How High Will the Ball Bounce After Losing Energy on Impact?

[greyradio]

[SOLVED] Conservation of Energy problem

Assuming there is no air friction, A 1.4 kg ball is dropped from a height of 2.68 m. It hits the ground, losing 1/12 of its energy in the collision. How high will the ball bounce upward before it comes momentarily to rest?


E = K sys + U sys
Ef = Ei
1/2mv^2 + mgh = 1/2mv^2 + mgh

I've attempted this problem but I seem to be missing some piece of information and I have run out of ideas hopefully someone can point me in the right direction.

Since there are no non-conservative forces then W non conservative = 0 and there are no external forces so that Work is equal to zero.

change in mechanical E = Ef = Ei

Ef = Ei
1/2 m vf^2 + mghf = 1/2 m vi^2 + mghi

I assumed that the final hieght is zero and the initial height is 2.68m. I also assumed that the initial velocity is 0.
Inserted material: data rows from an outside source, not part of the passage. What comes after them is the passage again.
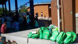 Acusan a "Chema" Flores de entregar mochilas en escuela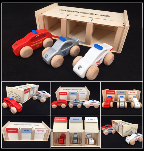 Porsche children's wooden garage With 3 cars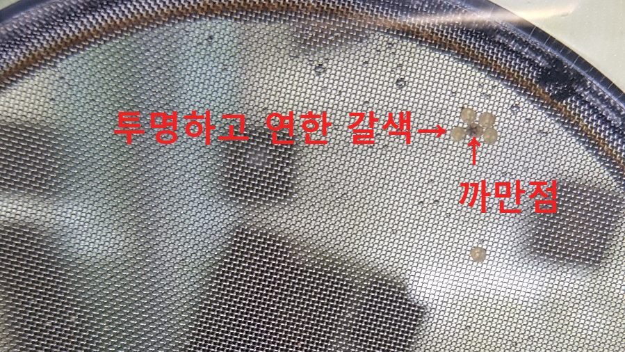 무정란의 경우 알 내부가 흰색으로 보이고, 유정란의 경우 투명한 연한 갈색을 보였습니다. 하루~이틀 지나고 알 속에 까만 점같은게 보이면 확실히 유정란입니다.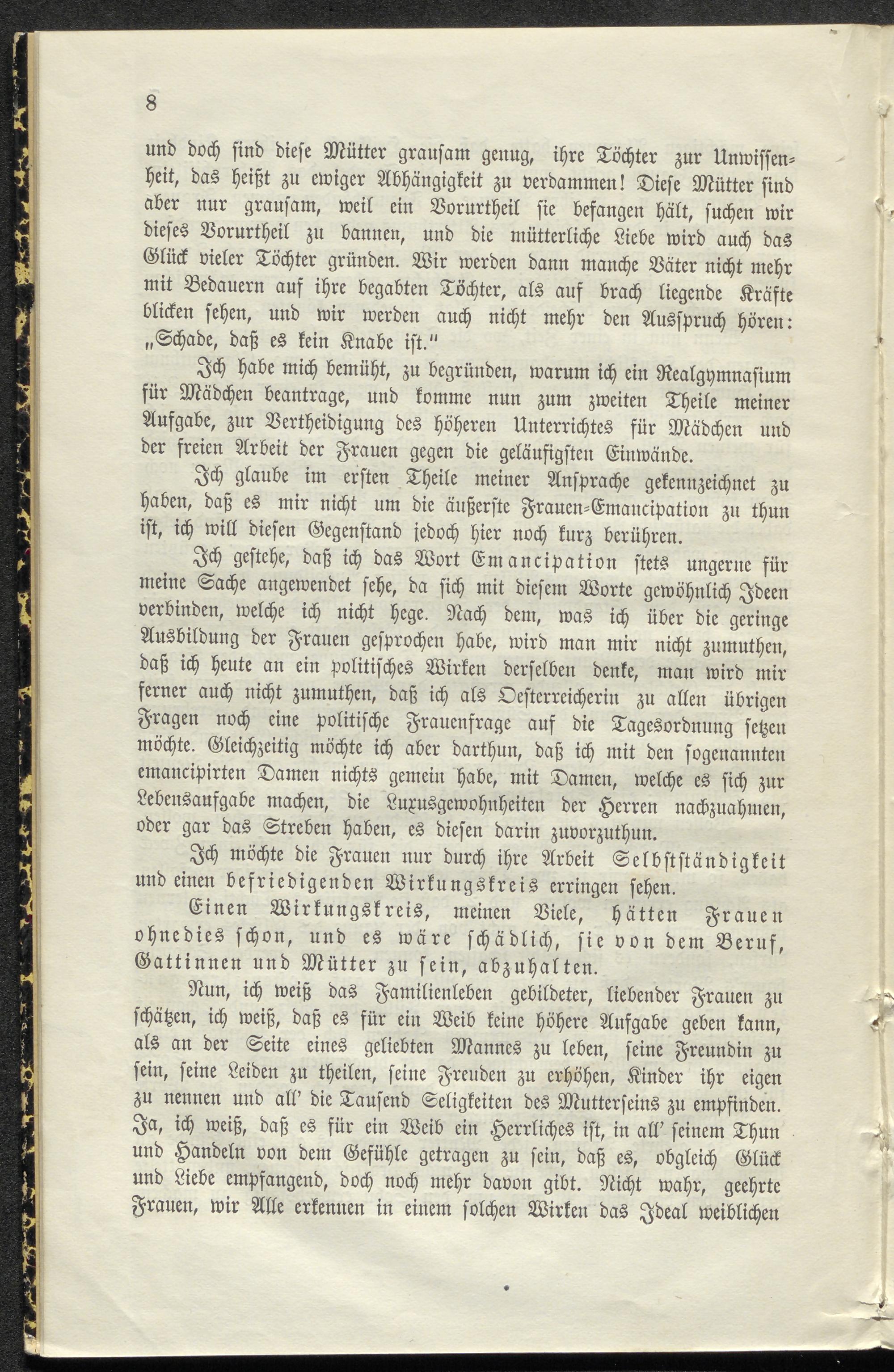 Ich habe mich bemüht, zu begründen, warum ich ein Realgymnasium für Mädchen beantrage, und komme nun zum zweiten Theile meiner Aufgabe, zur Vertheidigung des höheren Unterrichtes für Mädchen und der freien Arbeit der Frauen gegen die geläufigsten Einwände.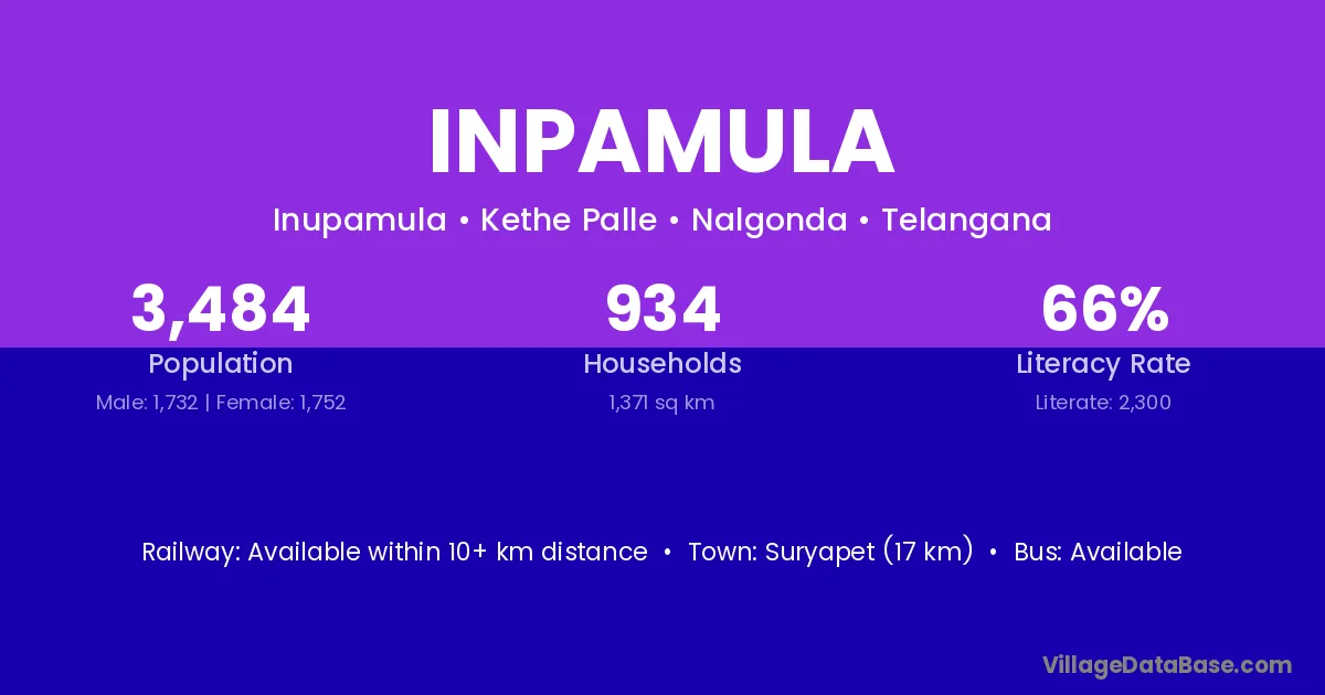 Suryapet (17 km) is the nearest town to Inpamula village for major economic activities and is located approximately 17 km away.

1/2 mvf^2 + mg0 = 1/2 m 0 + mghi
1/2 mvf^2 = 1/2 mghi
1/2 (1.4) vf^2 = (1.4)(9.81)(2.68)

i found vf^2 using kinematic equations = 52.5816 m^2/s^2

36.80712 = 36.80712

Since the final energy is 36.80712 and when it collides with the ground the energy disspates by 1/12.
So :
36.80712/12 = 3.06726

So I made the the inital energy of the first bounce.

Ei = Ef
3.06726 = 1/2mv^f + mgh
3.06726 = 0 + mgh
3.06726 = mgh
3.067/mg = h
.22333 = h

This is what I calculated the height to be but this is wrong.

I'm not sure what I'm missing or if I should be looking at it in a different way.

 

[Raza]

PART 1
Potential Energy
E=mgh
E=(1.4)(9.8)(2.68)
E=36.77N
Energy Lost= 36.77/12=3.06N
Total Energy Left= 36.77-3.06=33.71N
The amount of 33.71N is being carried on to the next step.

PART 2
E=mgh
33.71=(1.4)(9.8)(h)
33.71=13.72h
h=2.45m

I am not sure that my work is correct.

 

[Dick]

If it loses 1/12 of it's energy KE in the collision, then it's energy after the collision is (11/12)*KE, isn't it? And while I think you are doing this essentially correctly, you could do it a lot more simply. (2.68m)*m*g=(1/2)*m*v^2=KE. After the bounce the KE is (11/12)*KE. So (x)*m*g=(11/12)*KE, where x is the rebound height. So x*mg=(11/12)*(2.68m)*mg. You don't need to know m or g.

 

[Dick]

PART 1
Potential Energy
E=mgh
E=(1.4)(9.8)(2.68)
E=36.77N
Energy Lost= 36.77/12=3.06N
Total Energy Left= 36.77-3.06=33.71N
The amount of 33.71N is being carried on to the next step.

PART 2
E=mgh
33.71=(1.4)(9.8)(h)
33.71=13.72h
h=2.45m

I am not sure that my work is correct.

Dead right. (11/12)*2.68~2.45. Now simplify the calculation.

 

[greyradio]

Thank you. I did not subtract the dissipated energy from the original. Thanks to all that helped.